The contents of Japanese Patent Application No. 2000-337,073 (filed Nov. 6, 2000) are incorporated herein by reference.

Although the invention has been described above by reference to certain embodiments of the invention, the invention is not limited to the embodiments described above. Modifications and variations of the embodiments described above will occur to those skilled in the art, in light of the above teachings.

Claims

1. An exhaust emission control device of an internal combustion engine comprising:

a CO oxidation catalyst;

a H2O trap disposed upstream of and close to the CO oxidation catalyst so dimensioned that adsorption heat and condensation heat of H2O contribute to a rise in temperature of the CO oxidation catalyst, the H2O trap being supported separately from the CO oxidation catalyst;

a secondary air supply unit disposed upstream of the H2O trap; and

a HC trap disposed upstream of the secondary air supply unit.

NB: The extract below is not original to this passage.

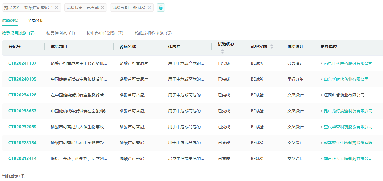 截图来源:药融云中国临床试验数据库

2. An exhaust emission control device of an internal combustion engine according to claim 1, wherein the CO oxidation catalyst has low temperature light-off characteristics.

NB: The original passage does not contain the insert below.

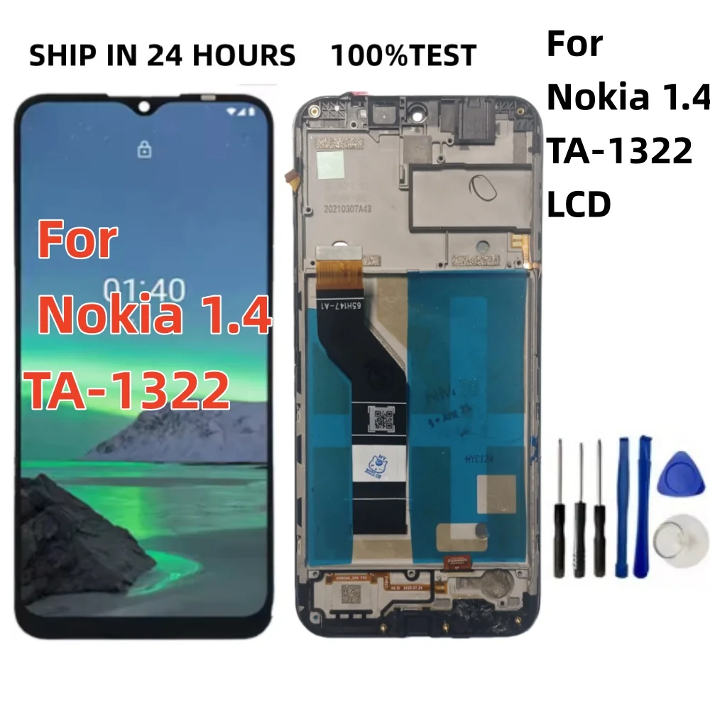 6.52 pouces LCD pour Nokia 1.4 TA-1322 LCD écran tactile numériseur assemblée panneau de téléphone pièces pour Nokia 1.4 LCD avec cadre

3. An exhaust emission control device of an internal combustion engine according to claim 1, further comprising a secondary air supply unit disposed upstream of the H2O trap.

4. An exhaust emission control device of an internal combustion engine according to claim 1, further comprising a HC trap disposed upstream of the H2O trap.

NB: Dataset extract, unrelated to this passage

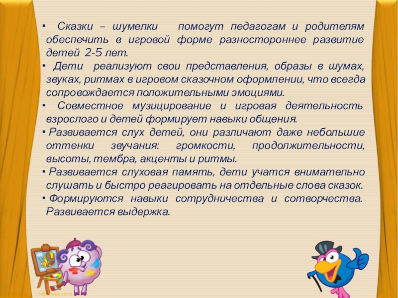 Слайд 3 Сказки – шумелки помогут педагогам и родителям обеспечить в
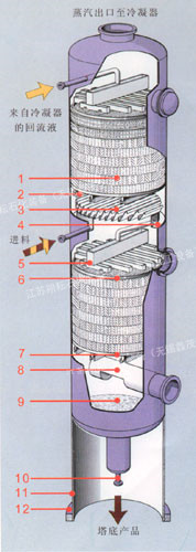 1、規(guī)整填料 2、支撐柵板 3、液體收集器 4、集液環(huán) 5、多級槽式液體分布器 6、填料壓圈 7、支撐柵板 8、蒸汽入口管 9、塔底 10、至再沸器循環(huán)管 11、裙座 12、底座環(huán) 此結構適合于直徑大于等于800mm的填料塔。 |

5. An exhaust emission control device of an internal combustion engine according to claim 1, wherein the H2O trap is disposed upstream of and close to the CO oxidation catalyst and so dimensioned that adsorption heat and condensation heat of H2O contribute to a rise in temperature of the CO oxidation catalyst to attain an early activation of the CO oxidation catalyst.

6. An exhaust emission control device of an internal combustion engine, comprising:

a low temperature light-off CO oxidation catalyst;

a H2O trap disposed upstream of and close to the CO oxidation catalyst so dimensioned that adsorption heat and condensation heat of H2O contribute to a rise in temperature of the CO oxidation catalyst, the H2O trap being supported separately from the CO oxidation catalyst;

a secondary air supply unit disposed upstream of the H2O trap; and

a HC trap disposed upstream of the secondary air supply.

7. An exhaust emission control device of an internal combustion engine according to claim 6, wherein the H2O trap is disposed upstream of and close to the CO oxidation catalyst and so dimensioned that adsorption heat and condensation heat of H2O contribute to a rise in temperature of the CO oxidation catalyst to attain an early activation of the CO oxidation catalyst.

8. An exhaust emission control device of an internal combustion engine, comprising:

an underfloor catalyst wherein a low temperature light-off CO oxidation catalyst and a H2O trap are coated on a support, so dimensioned that adsorption heat and condensation heat of H2O contribute to a rise in temperature of the low temperature light-off CO oxidation catalyst; and

a secondary air supply unit disposed upstream of the underfloor catalyst; and a HC trap disposed upstream of the secondary air supply.

9. An exhaust emission control device of an internal combustion engine according to claim 8, wherein the underfloor catalyst is so dimensioned that adsorption heat and condensation heat of H2O contribute to a rise in temperature of the CO oxidation catalyst to attain an early activation of the CO oxidation catalyst.

10. An exhaust emission control device of an internal combustion engine according to claim 8, wherein the H2O trap is disposed upstream of the CO oxidation catalyst.

11. An exhaust emission control device of an internal combustion engine according to claim 8, wherein the H2O trap and the CO oxidation catalyst are mixed with each other.

12. An exhaust emission control device of an internal combustion engine according to claim 8, wherein the H2O trap and the CO oxidation catalyst are coated on the support while the both are overlapped layer-wise on each other.

13. An exhaust emission control device of an internal combustion engine according to claim 12, wherein the H2O trap is disposed as the upper layer and the CO oxidation catalyst is disposed as the lower layer.